» RECORDS FOR THIS EXERCISE
=-=-=
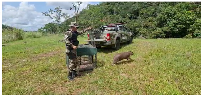 A capivara foi resgatada e, por estar em perfeitas condições de saúde, foi libertada em seu habitat.
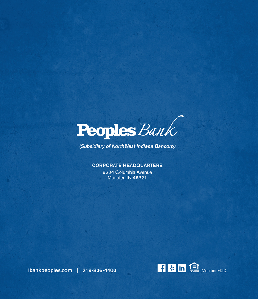 Peoples Bank (Subsidiary of NorthWest Indiana Bancorp) CORPORATE HEADQUARTERS 9204 Columbia Avenue Munster, IN 46321 ibankpeoples.com | 219-836-4400 Member FDIC
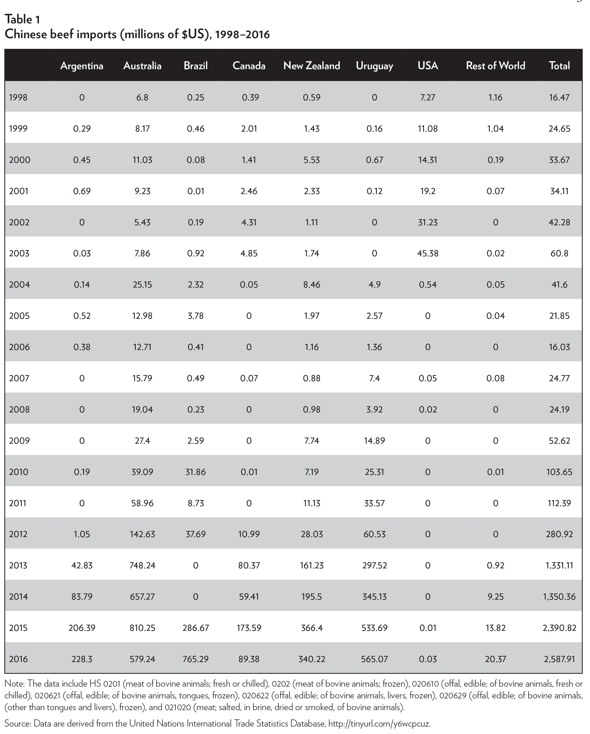 Over time, domestic production could no longer meet demand, and beef imports began to increase. Table 1 shows beef imports into China since 1998, by country. As shown in the table, China imported just $16 million worth of beef from all trading partners in 1998. That number jumped to $61 million in 2003, but imports declined in 2004 after an outbreak of bovine spongiform encephalopathy (BSE), also known as mad cow disease, in 2003. Imports increased again in 2009 and have continued to grow. In 2016, China's total beef imports exceeded $2.5 billion.
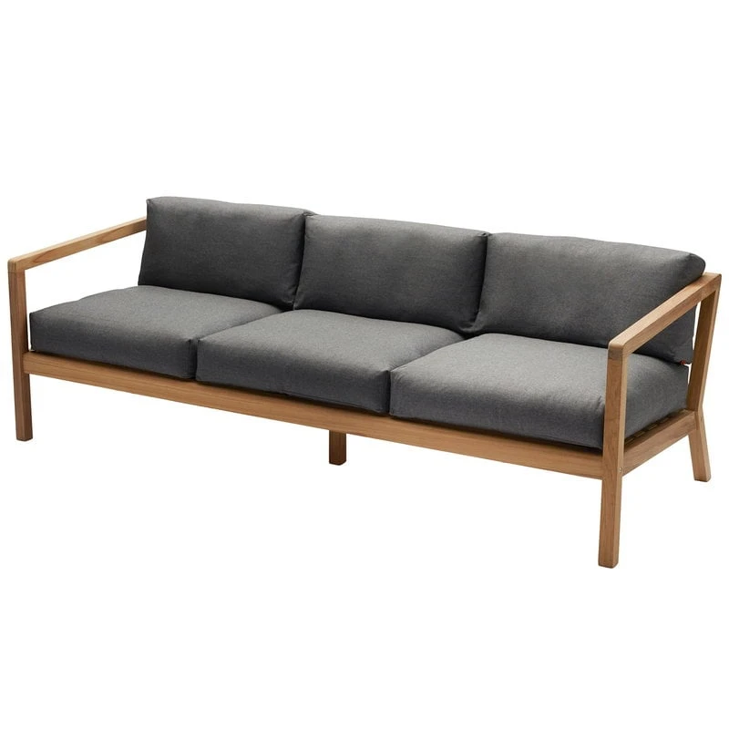 Skagerakin Virkelyst-ulkosohvan istuinmukavuus päihittää jopa monet sisätiloihin suunnitellut huonekalut! Pelkistetystä tiikkipuisesta rungosta ja muhkeista tyynyistä koostuva, kolmen istuttava Virkelyst-sohva on suunniteltu erityisesti ulkokäyttöön, ja siksi sen tyynyjen verhoilukangas on hyvin kestävä sekä vettä ja likaa hylkivä. Tyynyjen täytteenä käytetyt hypoallergeeniset Fossflakes-kuidut tunnetaan hengittävänä täytemateriaalina, joka pysyy hyvin muodossaan.
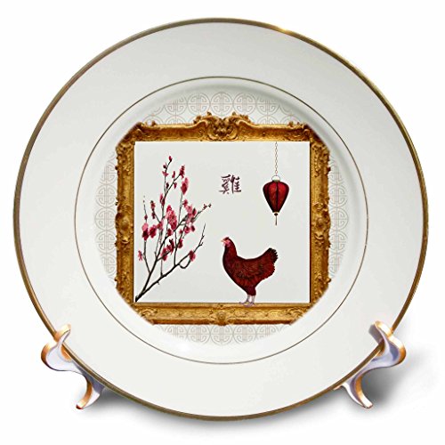 3D Rose Red Lantern and Plum Tree in Gold Frame-Sign of the Rooster Porcelain Plate, 8"
=-=-=
» TASK INSTRUCTIONS
Please give every line above again word for word, apart from the pictures.

» SOLUTION TO THIS TASK
 A capivara foi resgatada e, por estar em perfeitas condições de saúde, foi libertada em seu habitat.
 Peoples Bank (Subsidiary of NorthWest Indiana Bancorp) CORPORATE HEADQUARTERS 9204 Columbia Avenue Munster, IN 46321 ibankpeoples.com | 219-836-4400 Member FDIC
 Over time, domestic production could no longer meet demand, and beef imports began to increase. Table 1 shows beef imports into China since 1998, by country. As shown in the table, China imported just $16 million worth of beef from all trading partners in 1998. That number jumped to $61 million in 2003, but imports declined in 2004 after an outbreak of bovine spongiform encephalopathy (BSE), also known as mad cow disease, in 2003. Imports increased again in 2009 and have continued to grow. In 2016, China's total beef imports exceeded $2.5 billion.
 Skagerakin Virkelyst-ulkosohvan istuinmukavuus päihittää jopa monet sisätiloihin suunnitellut huonekalut! Pelkistetystä tiikkipuisesta rungosta ja muhkeista tyynyistä koostuva, kolmen istuttava Virkelyst-sohva on suunniteltu erityisesti ulkokäyttöön, ja siksi sen tyynyjen verhoilukangas on hyvin kestävä sekä vettä ja likaa hylkivä. Tyynyjen täytteenä käytetyt hypoallergeeniset Fossflakes-kuidut tunnetaan hengittävänä täytemateriaalina, joka pysyy hyvin muodossaan.
 3D Rose Red Lantern and Plum Tree in Gold Frame-Sign of the Rooster Porcelain Plate, 8"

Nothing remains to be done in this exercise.